While I was browsing the web for interesting perspectives a few days ago, I came across yet another article that portrayed Islam very negatively, as usual posted on a pro-atheism website. That, combined with many other examples of people in the West having a terribly negative image of the religion, made me decide that in this week’s post I would try and rationalise things a little. I have heavily criticised this kind of ignorant atheism before, but I simply cannot help feeling like more needs to be said. After all, Islam is still the most hated religion there is, and I’m not sure if that’s justified.
First of all, if you have the time, have a quick look at the article, and also check out the comment section. Naturally, as usual, the writer makes some very big mistakes such as suggesting that Muslims think God has children, and in the comment section anyone defending Islam gets a whole load of rubbish thrown at them, while comments such as “Muhammad was a rapist” receive nothing but upvotes, despite the likely conclusion that none of that is true.
However, probably the worst thing of all is that these people pride themselves as being open-minded and rational, believing that they indeed have all the knowledge. In reality, their judgements are clouded by prejudice and based on extremely questionable sources such as these articles posted on pro-atheism websites. The question is, why do they believe all these “facts”?
In social-psychology, many experiments have been done to test human thinking, particularly a few decades ago when a lot more was allowed. An experiment that is especially interesting is one by Stanley Milgram, who tested the power of authority. All he did was pay a couple of participants to basically torture someone, hire an actor who pretended like he was indeed being tortured (only audible for the subjects), and a man in a white coat who told the participants that everything was fine. The conclusion? Research participants carried on giving electrical shocks until the actor supposedly died (at 450 volts) in over 60% of the cases, just because a man in a white coat told them everything was fine.

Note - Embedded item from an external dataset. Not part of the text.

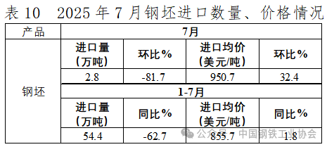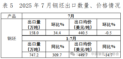 7月,鋼坯出口量環(huán)比再度大幅增長,出口單價與上月基本持平,1-7月累計出口已接近750萬噸,出口單價同比降幅收窄。

Surely, this oversimplifies things quite a lot (you can watch a video yourself, I promise it’s very interesting), but what matters is the result of the experiment: people will believe whatever they are told, no matter the consequences, just as long as the source is authoritative and confident enough. People were willing to kill millions of Jews just because a man with a moustache told them that Jews had to be exterminated, and in the same way, people are willing to believe a fancy-looking article regardless of the fact that it has enormous consequences for a large part of the world population.
In the end, experiments like this one suggest that such ignorance and evil is human nature and that we probably won’t ever get rid of it. As long as there is still someone out there preaching against Islam and as long as the popular media doesn’t explicitly show that Islam isn’t dangerous at all (which is not possible as long as fundamentalism still exists), the religion will always be unfairly looked down upon by a large group of the Western population.
But identifying a problem and concluding that nothing can be done isn’t very productive, so what we should ask ourselves is what we can do to minimise this effect, because although it cannot be solved, that doesn’t mean there isn’t anything we can do. For instance, we can educate ourselves and use that knowledge we gain to educate others, so that slowly, one person at a time, we can convince a large part of the population that their prejudices are faulty.
Particularly, now that I have read the Qur’an, I suddenly notice misconceptions about Islam basically on a daily basis, whether it is on the internet, within my friend groups or even my professors in university. Most of these misconceptions are innocent, but that doesn’t take away the fact that if we can show that the innocent misconceptions are wrong, the more damaging ones won’t seem so infallible anymore. And that is what needs to be done: the world needs to be convinced that the “authority” that is the internet and the media is often wrong and that Islam isn’t as bad as some people want us to think it is.